He says, long story short, that Scott is a werewolf and Derek is a werewolf and he stepped in a fairy ring on some werewolf-spurred forest adventure, and he didn’t think anything of it because he walked out OK. Only lately, Stiles says, he’s been losing time, waking up sore like he’s been walking for hours, and it turns out that just because you step out of a fairy ring, doesn’t mean you’re safe. Fairies don’t forget; don’t forgive a trespass without taking their due.
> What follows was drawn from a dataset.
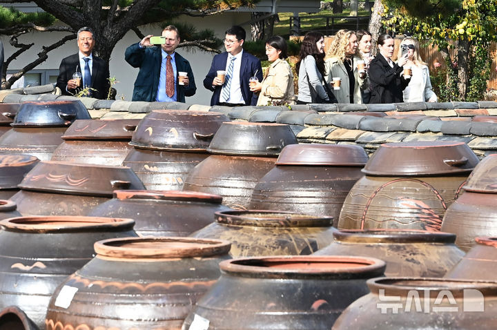 김종택기자 = 콩을 발효해 된장과 간장을 만드는 한국의 장(醬) 문화가 유네스코 인류무형문화유산 '등재 권고' 판정이 내려진 5일 경기도 안성시 일죽면 서일농원을 찾은 외국인들이 장독대를 살펴보고 있다.

And Stiles’ payment was that they were using him to try to get back home.

John still doesn’t understand, doesn’t know when werewolves became a thing that existed outside of _Twilight_ , and who knew that magic was less _Harry Potter_ and more _The Craft_ , and he wishes Yara were here, because she’d know what to say, how to make sense of all of this. 

But John has never given up in the face of the unknown, has always been the first through the door, and he won’t bury his head in the sand now, so he pours himself a drink, and then pours one for Derek, ignoring Stiles’s squawk of outrage.

When he turns to Stiles and looks him in the eye, for the first time in a long time, John feels like he’s actually _seeing_ his son. 

When he says, “The long story this time?” and Stiles starts talking, John believes every word and it feels like relief.


End file.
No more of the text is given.